Циля, по-детски надув губы, спала, показывая всем своим видом, что и во сне помнит обиду, которую не простит никогда жестокому богу, позволившему насмеяться над ее плотью…

Бася склонилась над сестрой и, щекой коснувшись ее лба, ощутила легкий жар.

— Что же теперь будет?

— А ничего страшного! Младенец вырастет в большого!.. — уверенно затвердила Айзгануш. — А людская молва — морская волна… Пошумят и позабудут.
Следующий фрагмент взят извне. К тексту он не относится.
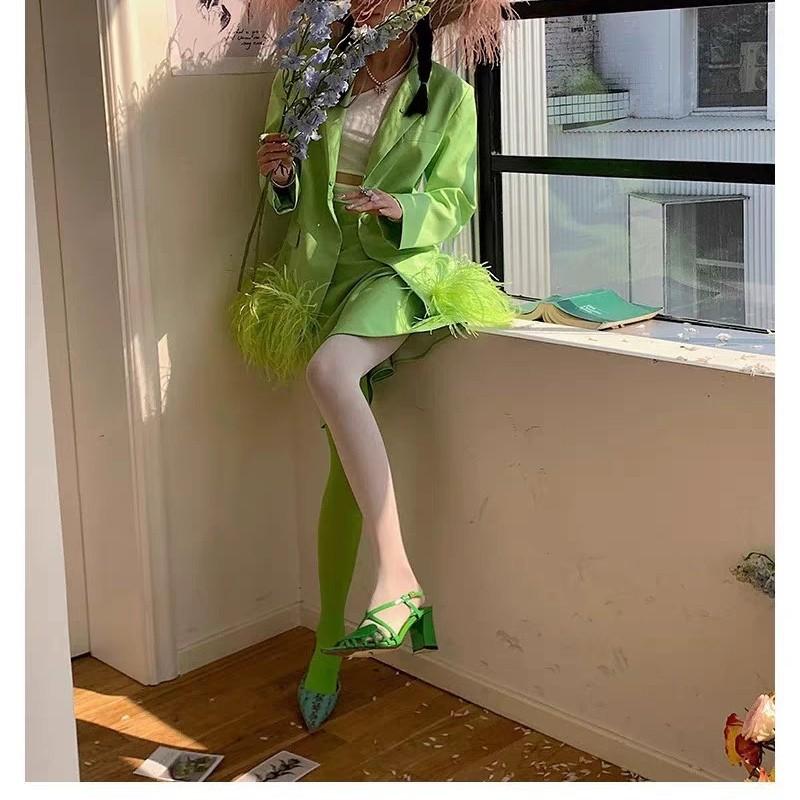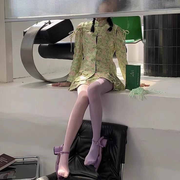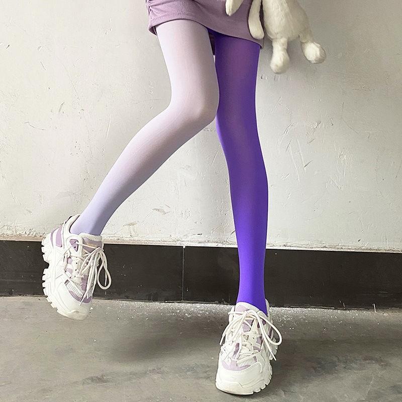 Calcetines básicos de terciopelo para primavera y otoño para mujer, medias empalmadas izquierda y derecha, pantimedias de estudiante bicolor AB, calcetines de pato mandarín para mujer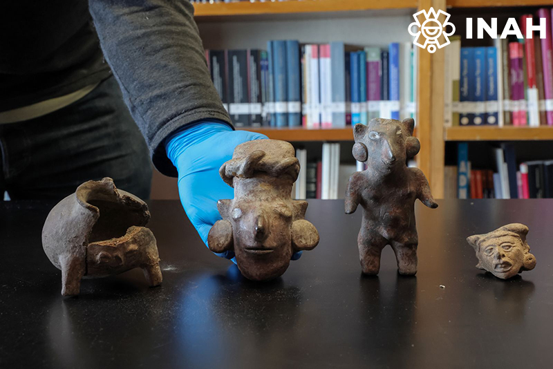 Asimismo, mediante entrega voluntaria al Consulado de México en Raleigh, Estados Unidos, está el caso de 12 piezas, entre figurillas antropomorfas y zoomorfas, así como vasijas procedentes del Altiplano Central, del Occidente y del territorio que hoy ocupa Oaxaca, que datan del periodo Clásico (200-900 d.C.).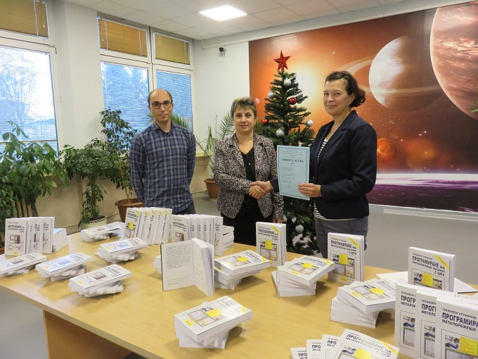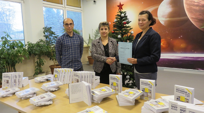 Инж. Светлана Георгиева и д-р инж. Хасан Хасанов от компанията - дарител връчиха учебниците.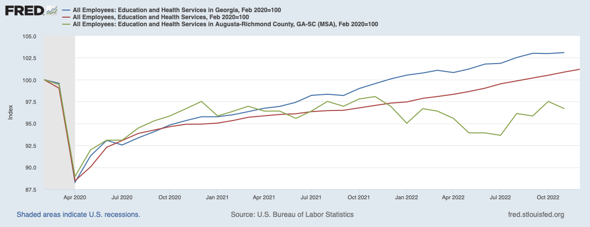 The biggest concern I see in the data is a decline in employment in the education and health services sector by 350. This sector is still 1,400 jobs below the pre-pandemic peak. The graph below shows regional and national comparisons for this sector (data has been adjusted to an index number for easy comparison). Since the beginning of the pandemic recession, employment in health and educational services nationally has increased by 1.2 percent and 3.1 percent in Georgia. Atlanta has seen employment increase by over 5.7 percent. Augusta, on the other hand, has employment in health and educational services 4 percent below pre-pandemic levels.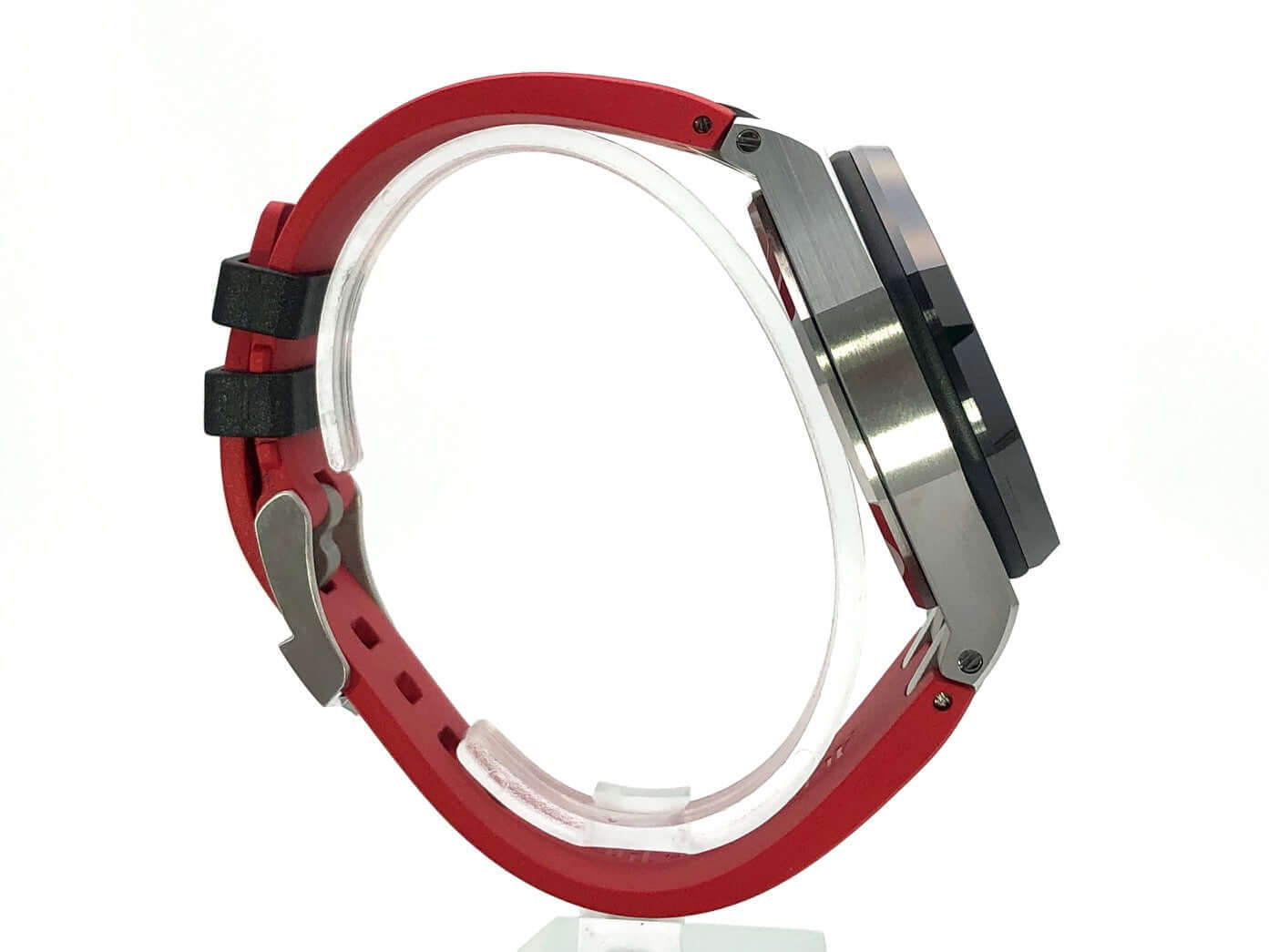 Case made of polished and satin-finished stainless steel, case diameter 42 mm, case height 14.5 mm, black ceramic bezel, black / red rubber strap with stainless steel pin buckle, black dial with white Arabic numerals with luminous material, tachymeter scale, automatic movement, manufacture caliber 3126 / 3840 with 59 jewels , oscillation 21,600 A/h, power reserve for approx. 50 hours, date display, anti-reflective sapphire crystal, screwed display back, water resistant up to 10 bar.

За домом послышалась мингрельская речь. Шли крестьяне и, не жалея глоток, переговаривались между собой, словно высевая кукурузными зернами поле, отпуская при этом смачные шуточки. Теперь эти шутки были адресованы горожанкам, чья плоть им виделась необыкновенно нежной и сладкой, как плод инжира, с которого содрали кожу и обнажили туговатую суть…

— Я в прошлое воскресенье… — начал было один из крестьян хвастаться, предваряя рассказ смехом, но Бася отрывисто оборвала хвастуна из окна.

— Ты бы лучше щетину свою поскоблил! — сказала Бася на мингрельском.

Айзгануш тоже высунулась в окно, но не стала мешать перебранке, зная, что Басю теперь раздражает все, даже случайные прохожие.

— Бесстыжие! — заключила Бася и отошла от окна, оставив его раскрытым. — Ходят тут под окнами и покоя не дают!

Дав выговориться Басе, Айзгануш вздохнула, как показалось хозяйке дома, вполне искренне, и сказала:

— Вы можете на меня рассчитывать! А сейчас я пойду домой и немного сосну…

вернуться

2

Долма — еда вроде голубцов (арм.).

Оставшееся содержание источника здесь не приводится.